Relationship between mechanical properties (shear modulus and viscosity), age, and sex in uninjured Achilles tendons

Andrew L Sprague 1,2, Daniel Awokuse 1, Ryan T Pohlig 3, Daniel H Cortes 4, Karin Grävare Silbernagel 1,2
PMCID: PMC7665100  NIHMSID: NIHMS1563697  PMID: 33196016

Abstract

Tendon mechanical properties have been proposed as a biomarker of tendon health to track response to injury and treatment. Prior to utilizing these properties in an injured population, it is critical to understand how these are influenced by age and sex in an uninjured population.
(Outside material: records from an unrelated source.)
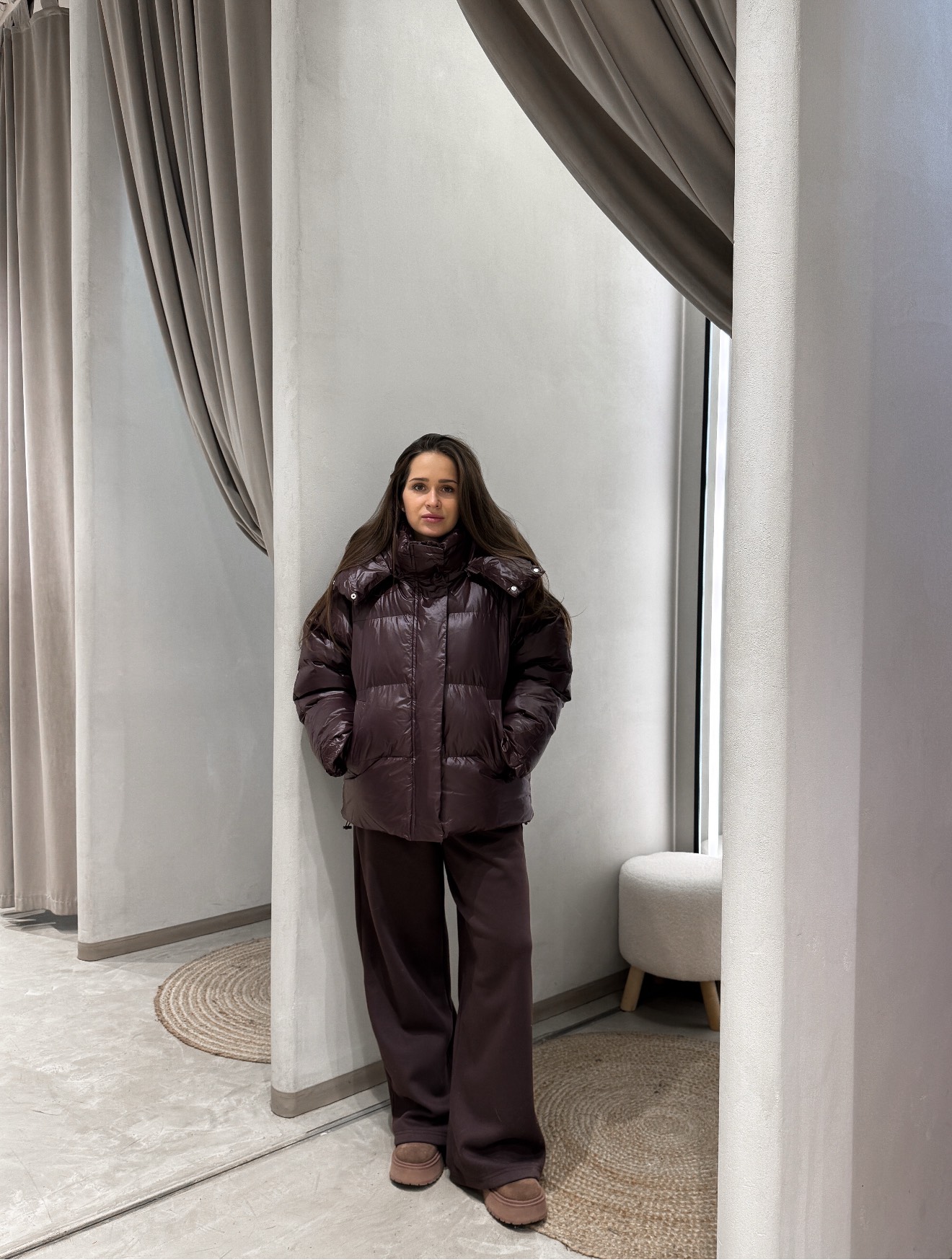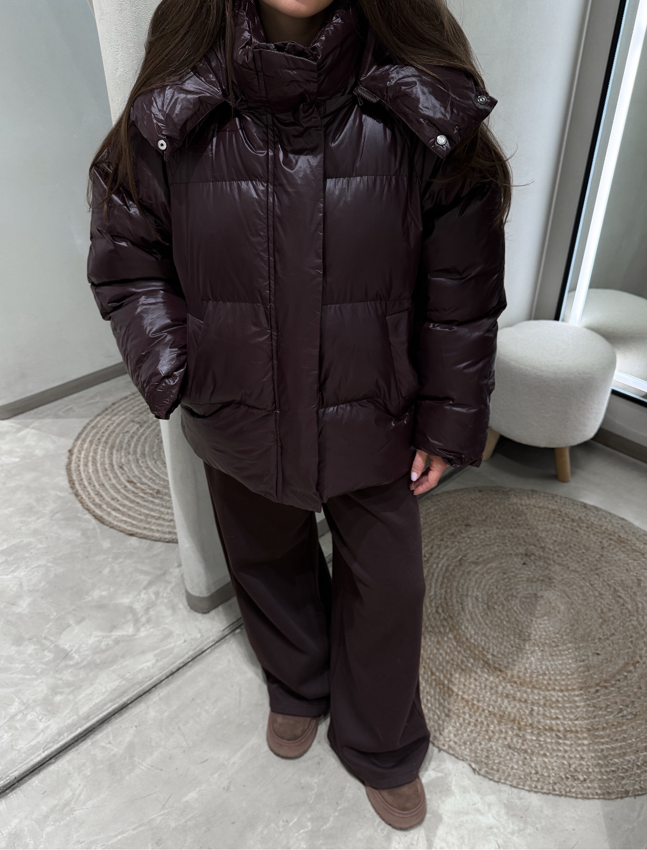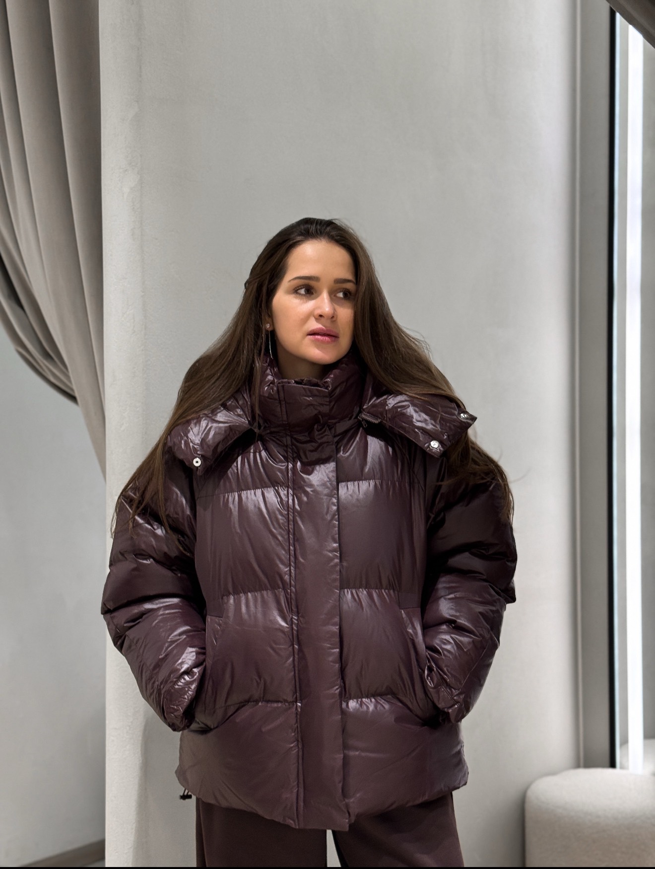 Объемная стеганая куртка свободного кроя с горизонтальной стежкой и длиной до линии бедер. Втачной капюшон. Центральная застежка на молнию с планкой на кнопках. Боковые прорезные карманы. Эластичные манжеты по низу рукава и прямой низ изделия.
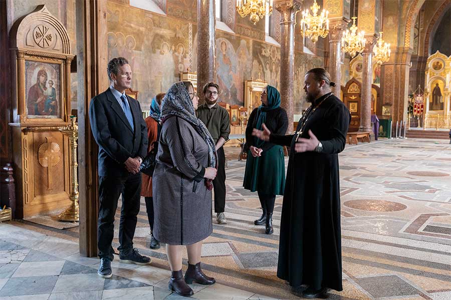 Для гостей иеромонах Филарет (Коноплев) провел экскурсию по монастырю, в ходе которой участники познакомились с историей и архитектурными особенностями обители.
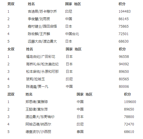 男双印尼组合吉迪昂/苏卡穆尔乔排名第一,李俊慧/刘雨辰位列次席,韩呈恺/周昊东第八,刘成/张楠跌至第十。女双陈清晨/贾一凡排在第五,日本组合福岛由纪/广田彩花第一。混双郑思维/黄雅琼和王懿律/黄东萍占据前两位,张楠/李茵晖位列第十。

A retrospective analysis was conducted of 118 uninjured Achilles tendons to evaluate the relationship between tendon mechanical properties, age and sex. Mechanical properties (shear modulus and viscosity) were assessed using continuous shear wave elastography. A moderator regression analysis was completed to examine the relationship between tendon mechanical properties, age and sex, after adjusting for body mass index and physical activity level. There was an interaction between age and sex for shear modulus (p=0.049, R2 change=0.034). Females had a negative relationship between age and shear modulus (p=0.030, β=−0.350) but no relationship was observed for males (p=0.78, β=0.031). A positive relationship was found between age and viscosity (p=0.034, β=0.214). Increased viscosity was related to increased age with no difference between sexes. The effect of aging on shear modulus differed between men and women and may help explain sex specific injury risks and their differing response to mechanical load.

Keywords: tendinopathy, viscoelastic properties, shear wave elastography, human, ageing

Introduction

The Achilles tendon is a collagenous connective tissue running between the gastrocnemius and calcaneal insertion. This structure is critical to activities of daily living and sports performance since it is responsible for transferring force from the triceps surae muscles to the foot and storing and releasing energy during repetitive, dynamic tasks. The Achilles tendon is also a common site of injury, with Achilles tendinopathy occurring most frequently.1 Achilles tendinopathy is a clinical diagnosis of pain, swelling and impaired function of the Achilles tendon.2 It is one of the most commonly reported foot and ankle injuries in athletic populations but also occurs frequently in non-athletic populations.3,4 In a cross-sectional study of patients reporting to Dutch general practice physicians, the incidence rate for midportion Achilles tendinopathy was 1.85 per 1,000 patients but only 35% of the cases were related to sports activity.4

The incidence rate of Achilles tendinopathy increases with age until the middle decades of life, with the highest incidence occurring between ages 41–60.4 It is hypothesized that age-related changes in tendon mechanical properties may contribute to the increasing incidence of tendinopathy with age. However, the relationship between age and mechanical properties remains unclear. Animal studies have shown decreased,5,6 increased,7,8 or unchanged tendon compliance or mechanical properties in response to aging.9,10 In vitro and in vivo human studies are similarly inconclusive, as they have found either decreased or unchanged mechanical properties with age.1116 The relationship between aging and tendon mechanical properties may also be influenced by sex, since female sex hormones appear to blunt the collagen synthesis response to loading.17 Furthermore, in human studies, it has been difficulty to separate the influence of aging from age-related declines in physical activity and increases in body mass index (BMI).18 Thus, the extent to which aging influences mechanical properties of tendon tissue remains elusive.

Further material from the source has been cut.